Lin was the first guest from afar to visit the village, built as a local leper colony more than 40 years ago. On his first trip there in March 2005, he had to pass through a one-meter wide dirt track, huge rocks on one side and a deep valley on the other.

Since then, Lin, head of the provincial language committee, has gone out of his way to help the village of 177 residents. He secured funds to build a village school, which opened six months after his first visit.

Today, about 31 children under the age of 18 are able to receive basic education.

Largely out of his own pocket, he has had the hilly road widened and brought in a generator, a television set, books and medicines. Last year, he also bought 4,000 kg of rice to help the villagers during a severe drought, despite the fact that each household was also allocated food and other relief from the local government.

Since his first visit, the lives of the villagers have changed a great deal. Parents say their children have become more outgoing. And the villagers can keep in touch with the outside world via the television.

I admire what Lin has done. But I also wonder how many of these isolated communities are still out there crying out for assistance.

Above all, how many people, especially the children, still have to live with social discrimination associated with such diseases as leprosy and AIDS.

As Lin discovered, the children of the village are all healthy. However, because of the stigma of leprosy, no local or provincial education official had provided education for the children.

Lin's school offers a new start for the children, albeit not a centralized boarding schools, which has been promoted by the Ministry of Education to guarantee children in remote and mountainous areas quality education.

It is pleasing to note the stigma of leprosy today is gradually disappearing. There are fewer cases and people are getting immediate medical treatment. Many of the former leper colonies are now getting smaller, and some have disappeared.

In the village under the care of Lin, a young woman has now moved to another county - the first to leave and join mainstream society. Lin hopes others will follow suit.

Social discrimination, however, I must admit, especially that associated with new diseases, such as AIDS, still exists.

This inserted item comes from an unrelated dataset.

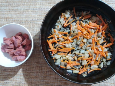 8. На сковороде без масла обжариваем нарезанные кружочками колбаски в течение 3-5 минут. После этого выкладываем кусочки колбасок в кастрюлю.
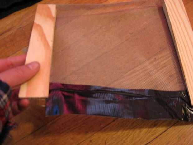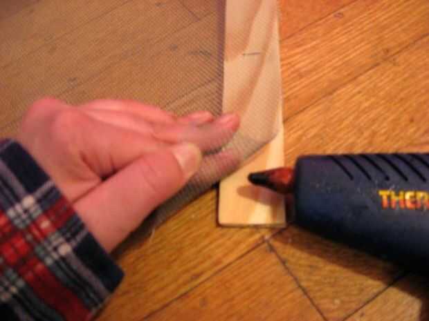hacer lo mismo al final flaco como se en el paso 5 plegado encima de la pantalla entre las cuñas y recorte las puntas. Puse un poco de pegamento en la proyección donde no grapada a su que recortado recto (tenga cuidado de no quemarse - ha pedido una pistola de pegamento caliente una razón).

China Daily once published a story about a small school attended by just one pupil and a teacher. The boy had the school to himself because he was HIV positive.

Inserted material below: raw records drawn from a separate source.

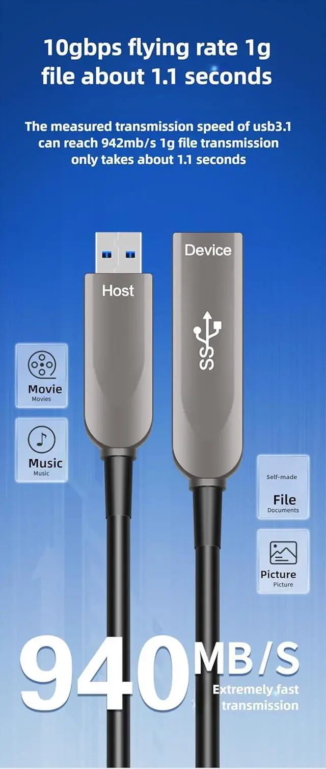 USB A to A fiber optic cables demonstrate significant advantages in multiple fields. They adopt advanced fiber optic technology and have extremely fast transmission rates. For example, the fiber optic USB 3.1 A - A data cable can reach a speed of 10Gbps. The fiber optic USB 3.1 Type A data cable also has excellent transmission performance and can quickly complete the data transmission of high - definition files and so on.
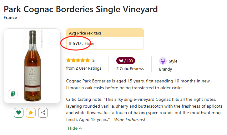 派克干邑:干邑百年酒厂旗下主打品牌,高分金奖无数;
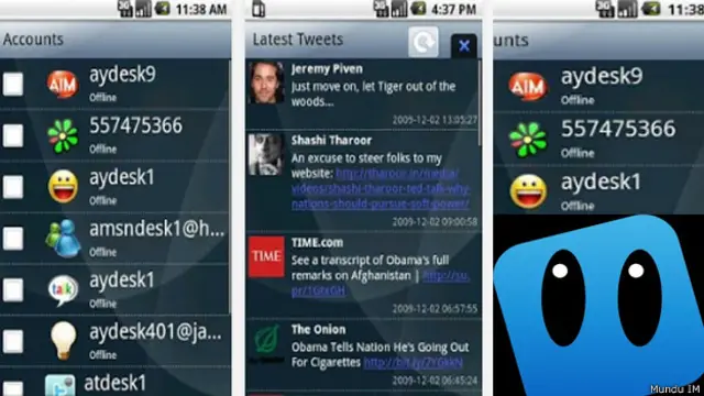 ख़ासतौर पर जावा फ़ोन्स के लिए बना ये ऐप यूज़र्स को एक साथ कई चैट नेटवर्कों पर लॉग-इन करने की सुविधा देता है. इससे आप चैट कॉन्फ्रेंसिंग कर सकते हैं, फ़ोटो शेयर कर सकते हैं और अलर्ट भी सेट कर सकते हैं.

While many believed the boy was lucky to have a kind-hearted teacher, it was obvious the boy was being deprived of friendship and other social activities with his peers. How much that deprivation will harm the boy's growth is anybody's guess.

While we praise what Lin has done, we must work harder at making officials as well as the public aware that it is their duty to free people and children from the stigmas of AIDS and leprosy, and enable them to lead healthy and fruitful lives.